The mathematics of machine learning and deep learning. Sanjeev aroras deep learning theory tutorial and ben recths optimization tutorial were both excellent id suggest taking a look at each if you get time. Limitations of deep learning towards ai best artificial. How can we adapt deep learning to new domains in a principled way. Paper 1 by agrarwal et al and paper 2 by carmon et al. Toward theoretical understanding of deep learning sanjeev arora. Nonblack box analyses of simpler problems subcases of simple neural nets. Du, wei hu, zhiyuan li, ruslan salakhutdinov, ruosong wang on. Implicit acceleration by overparameterization sanjeev arora nadav cohen elad hazan 2018 tutorial. Deep learning frameworks a framework is environment that is built by system software to give platform to programmer for developing and deploying their applications. Sanjeev arora born january 1968 is an indian american theoretical computer scientist who is best known for his work on probabilistically checkable proofs and, in particular, the pcp theorem. Sanjeev arora nadav cohen elad hazan 2018 tutorial.
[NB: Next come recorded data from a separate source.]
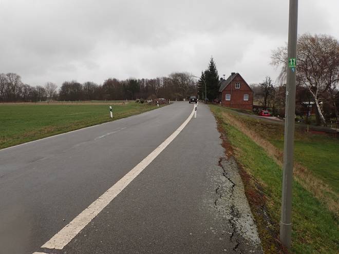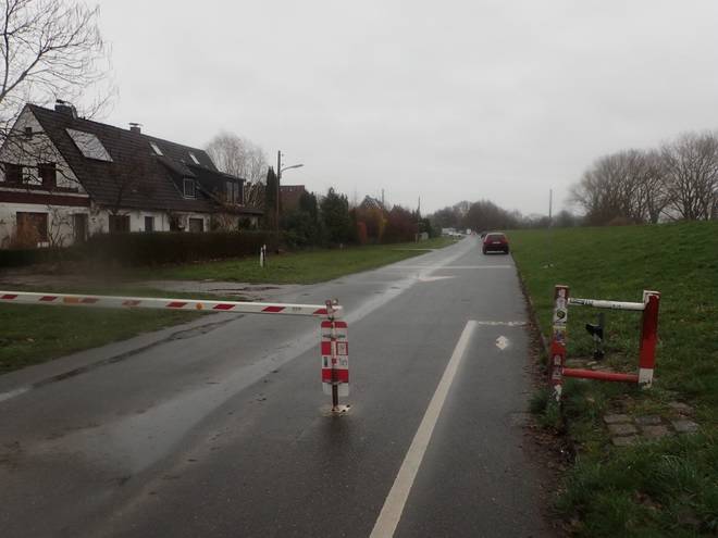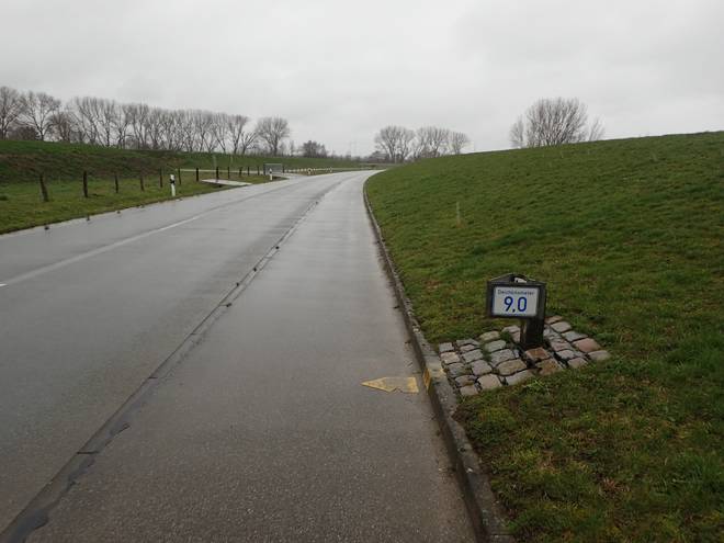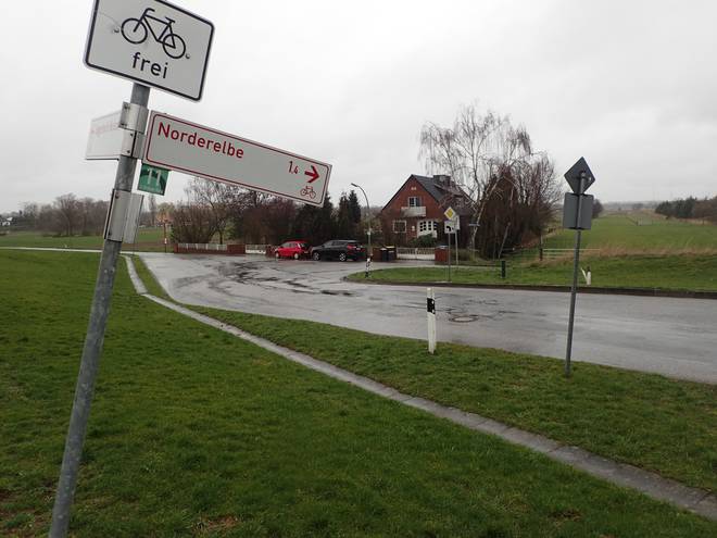 Moorwerder Hauptdeich 13.27 Uhr / Km 30,4 Eine ziemlich langweilige Ecke war das, aber zumindest kam man ohne Navigations-Sorgen voran. |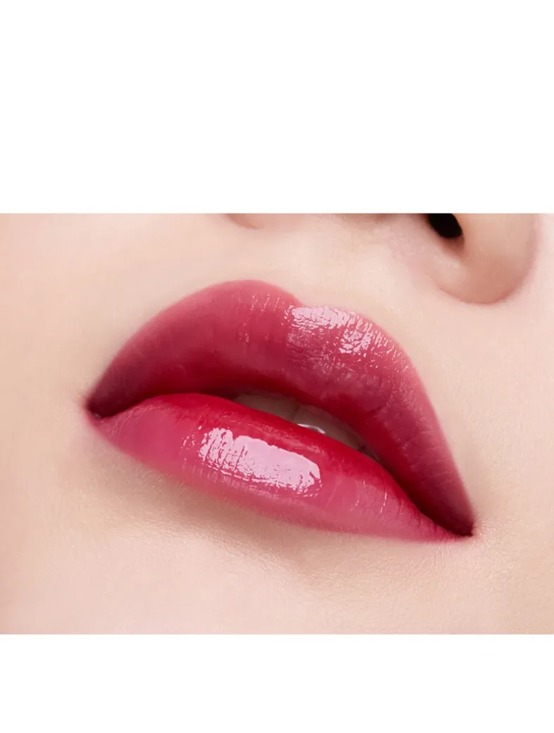 Glass Coating Effect with a vibrant colour and radiant glow that intensifies with each application. The Triple Layer Coating forms a dense, glass-like finish that locks in colour and glow for long-lasting wear without smudging. The Oil-in-Water formula ensures a smooth, non-sticky application, allowing the oil particles to burst onto the skin, delivering a bright, luminous finish that builds with every layer.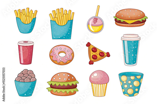A colorful cartoon illustration featuring twelve assorted fast food items including burgers, fries, pizza, donuts, soda, and other treats
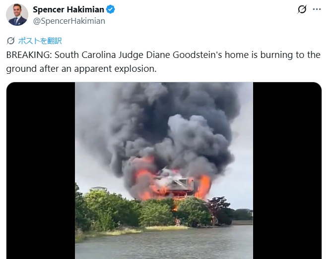 ・サウスカロライナ州の(トランプに批判的だった)ダイアン・グッドスタイン判事の自宅が、明らかな爆発後に全焼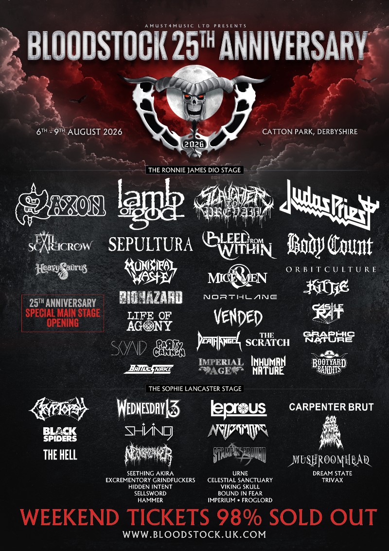 Tickets are flying fast – snap yours up now at the ticket store and be part of history at BLOODSTOCK’s silver anniversary! Wednesday early access is also available in some campsites for those who want to max out their BLOODSTOCK experience. Day tickets will go on sale at a later date. BLOODSTOCK’s 25th anniversary is going to be truly unforgettable. With many more bands & additional on site entertainment still to be announced, this is the must-attend celebration of 2026! BODY COUNT join an already heavy-hitting lineup including RJD headliners LAMB OF GOD, SLAUGHTER TO PREVAIL, JUDAS PRIEST, and SAXON. Over on the Sophie Lancaster stage, the headliners are CRYPTOPSY (None So Vile 30-year anniversary set), WEDNESDAY 13, LEPROUS, and CARPENTER BRUT. You’ll also be able to see SEPULTURA, MUNICIPAL WASTE, DEATH ANGEL, NORTHLANE, BLEED FROM WITHIN, VENDED, ORBIT CULTURE, THE SCRATCH, IMPERIAL AGE, LIFE OF AGONY, OF MICE & MEN, BIOHAZARD, 200 STAB WOUNDS, THE HELL, BLACK SPIDERS, SHINING, NEVERMORE, EVIL SCARECROW, HEAVYSAURUS, SKYND, PARTY CANNON, BATTLESNAKE, INHUMAN NATURE, KITTIE, CASTLE RAT, GRAPHIC NATURE, BOOTYARD BANDITS, EXCREMENTORY GRINDFUCKERS, HIDDEN INTENT, SELLSWORD, NECKBREAKKER, SEETHING AKIRA, HAMMER, STAMPIN GROUND, URNE, CELESTIAL SANCTUARY, VIKING SKULL, BOUND IN FEAR, IMPERIUM, FROGLORD, MUSHROOMHEAD, DREAM STATE, and TRIVAX. Many more bands are still to be announced! For the most up to date festival information, visit the official website at bloodstock.uk.com. BLOODSTOCK 2026 will take place at Catton Park, Derbyshire on 6th – 9th August, 2026. |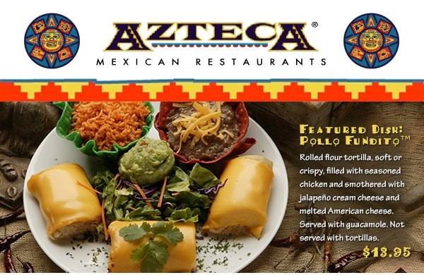 Home - Azteca Mexican Restaurants For over 45 years, Azteca has made it a priority to provide our guests, our families, a safe place to come and enjoy a wonderful Mexican meal. Here at Azteca, we know everyone is concerned right now, and nothing is more important to us than the health and wellness of our customers and staff. Whether you decide to order takeout or delivery, rest ...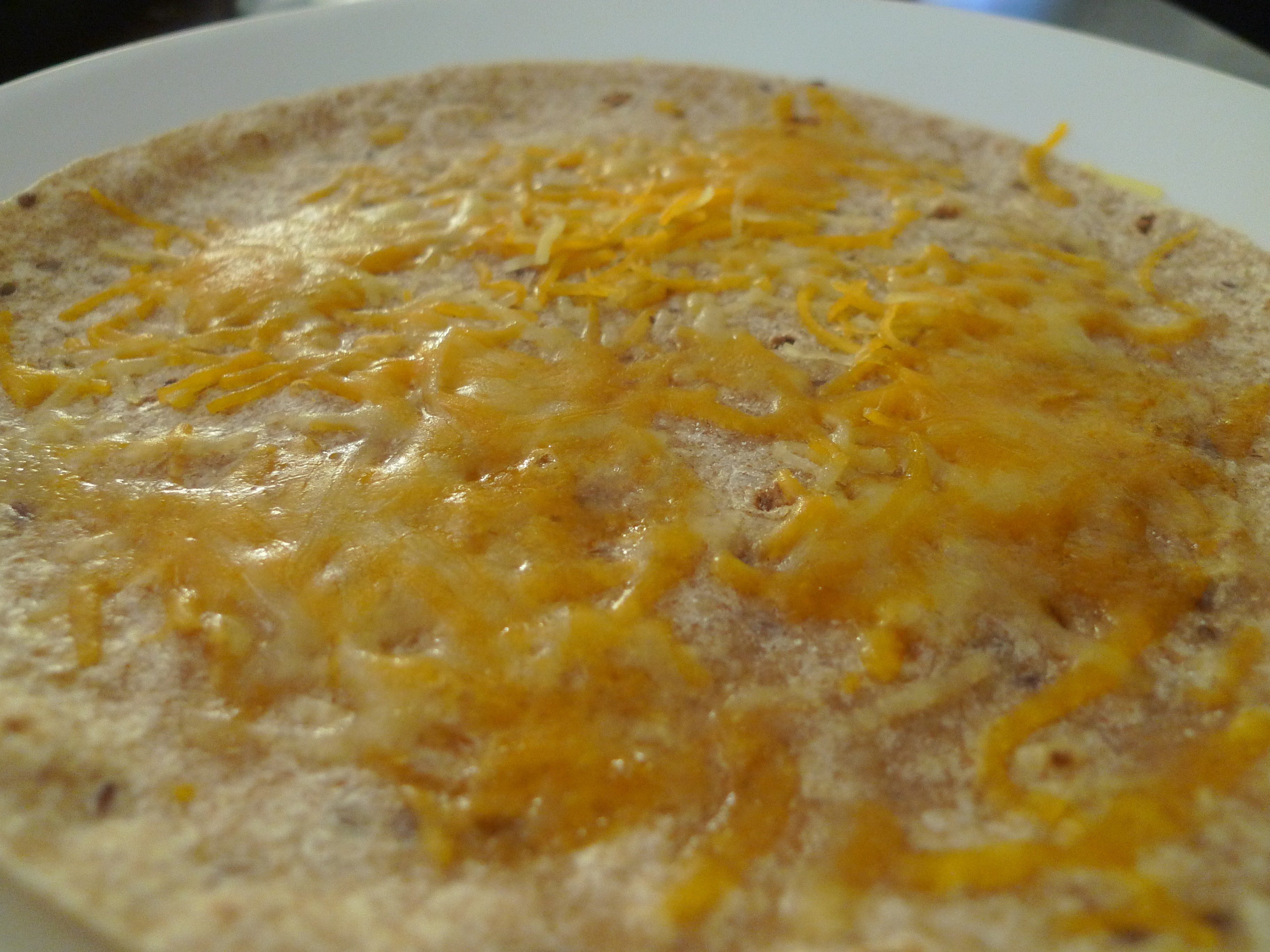 Heat some Mexican cheese on a tortilla until melted (30 sec in the microwave).
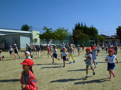 朝マラソンの様子です。1年生も元気いっぱい走っていました。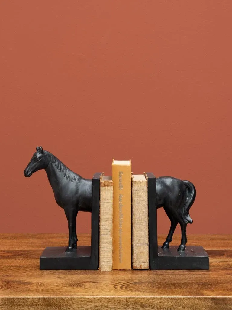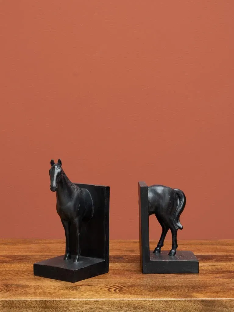 Precioso sujetalibros fabricado en resina en color negro con un original diseño de caballo dividido en dos unidades. El precio es por el set de dos.

Sanjeev satheesh machine learning landing ai linkedin. Deeplearningfree text and sentence embedding, part 2 jun 25, 2018 sanjeev arora, mikhail khodak, nikunj saunshi. We start with sparse linear representations, and give the rst algorithm for dictionary. Facebooks ai guru lecun imagines ais next frontier. Compressibility and generalization in largescale deep. Indeed, the current state of deep learning theory is like the fable the blind men and the elephant. Deep learning frameworks enable the programmer to built and test their deep learning based applications.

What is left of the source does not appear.